AHCPHT401A
Assess olive oil for style and quality

This unit covers assessing olive oil for style and quality and defines the standard required to: identify olive oil styles; identify common olive oil defects; modify horticultural and/or processing practices to remedy variations from desired style and quality.

Application

This unit applies to olive growers or managers assessing oil produced from an olive crop.


Elements and Performance Criteria

ELEMENT

PERFORMANCE CRITERIA

1. Establish and implement appropriate tasting protocols

1.1. Appropriate tasting conditions are established.

1.2. Accepted industry tasting procedures are applied.

1.3. Oils are tasted in the order that will best show character of each oil.

2. Determine style and sensory quality of the olive oil

2.1. Characteristics of the olive oil are identified and assessed.

2.2. Style of oil is assessed by tasting.

2.3. Sensory quality of oil is assessed by smelling and tasting.

2.4. Observed defects are analysed and recorded for future action.

3. Determine the analytical quality of the olive oil

3.1. Samples of oils are sent to laboratory for testing of key chemical indices.

3.2. Analytical quality of oil is assessed by interpreting key chemical indices.

3.3. Observed chemical indices that are beyond the normal range are recorded for future action.

4. Identify factors influencing the style and quality of the olive oil

4.1. Horticultural factors that may influence style and quality of the olive oil are identified.

4.2. Processing factors that may influence style and quality of the olive oil are identified.

4.3. Other factors that may influence style and quality of the olive oil are identified.

5. Implement findings of tastings and chemical analyses

5.1. Records of season's tastings and chemical analyses are maintained according to enterprise procedures.

5.2. Horticultural and processing activities and methods are evaluated in terms of modifications and improvements to be made for next season.

5.3. Horticultural production plan for next season is adjusted, documented and communicated to horticultural personnel according to enterprise procedures.

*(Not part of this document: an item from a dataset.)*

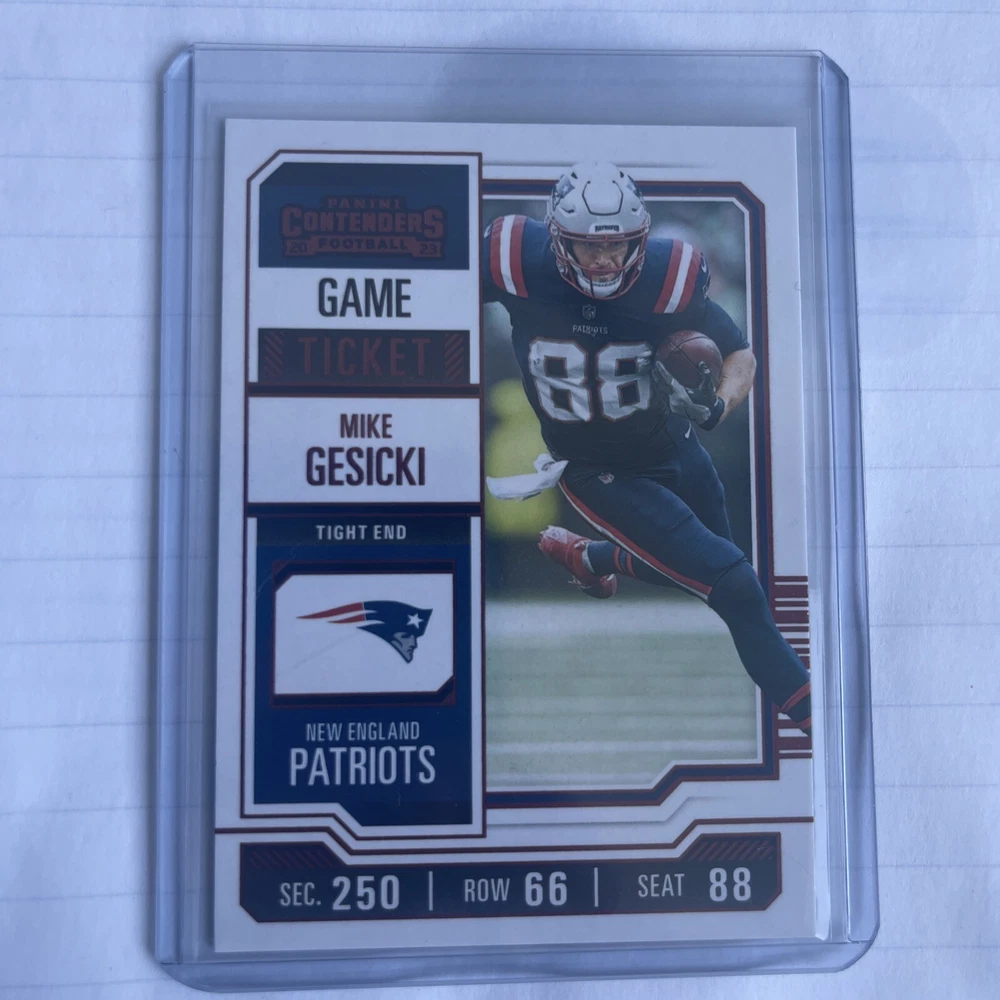 Get your hands on this amazing 2023 Panini Contenders Bronze Game Ticket #70 featuring Mike Gesicki! This rare and highly sought-after trading card is perfect for any sports fan and collector. The card showcases a stunning image of Gesicki in action, making it a must-have for any fan of the Miami Dolphins. With its exceptional quality and attention to detail, this card is sure to impress. Add it to your collection or gift it to a fellow sports enthusiast. Don't miss out on the opportunity to own this valuable piece of sports memorabilia.

5.4. Processing requirements for next season are documented and communicated to processing personnel according to enterprise procedures.

Required Skills

Required skills

general tasting skills, including ability to detect and describe aromas and flavours, and to distinguish between bitterness and pungency in oils

use literacy skills to read, interpret and follow organisational policies and procedures, develop sequenced written instructions, record accurately and legibly information collected and select and apply procedures to a range of tasks

use oral communication skills/language competence to fulfil the job role as specified by the organisation including questioning, active listening, asking for clarification, negotiating solutions and responding to a range of views

use numeracy skills to estimate, calculate and record routine and more complex workplace measures and data

use interpersonal skills to work with others and relate to people from a range of cultural, social and religious backgrounds and with a range of physical and mental abilities.

Required knowledge

cause of olive oil defects and how they can be remedied

horticultural and processing practices that affect olive oil style, and reasons for the effect

relationship between critical chemical parameters and oil style and quality.

Evidence Required

The evidence guide provides advice on assessment and must be read in conjunction with the performance criteria, required skills and knowledge, range statement and the Assessment Guidelines for the Training Package.

Overview of assessment

Critical aspects for assessment and evidence required to demonstrate competency in this unit

The evidence required to demonstrate competency in this unit must be relevant to workplace operations and satisfy holistically all of the requirements of the performance criteria and required skills and knowledge and include achievement of the following:

identify olive oil styles

identify common olive oil defects

modify horticultural and/or processing practices to remedy variations from desired style and quality.

Context of and specific resources for assessment

Competency requires the application of work practices under work conditions. Selection and use of resources for some worksites may differ due to the regional or enterprise circumstances.


Range Statement

The range statement relates to the unit of competency as a whole.

Assessment techniques may include:

a range of techniques growers use to assess olive oil in terms of style and quality.

Accepted industry tasting procedures may include:

COI/T.20/Doc. no. 13 General Methodology for the Organoleptic Assessment of Virgin Olive Oil; and methods and standards adopted by the International Olive Oil Council for the sensory analysis of olive oil.


Sectors

Unit sector

Production horticulture


Employability Skills

This unit contains employability skills.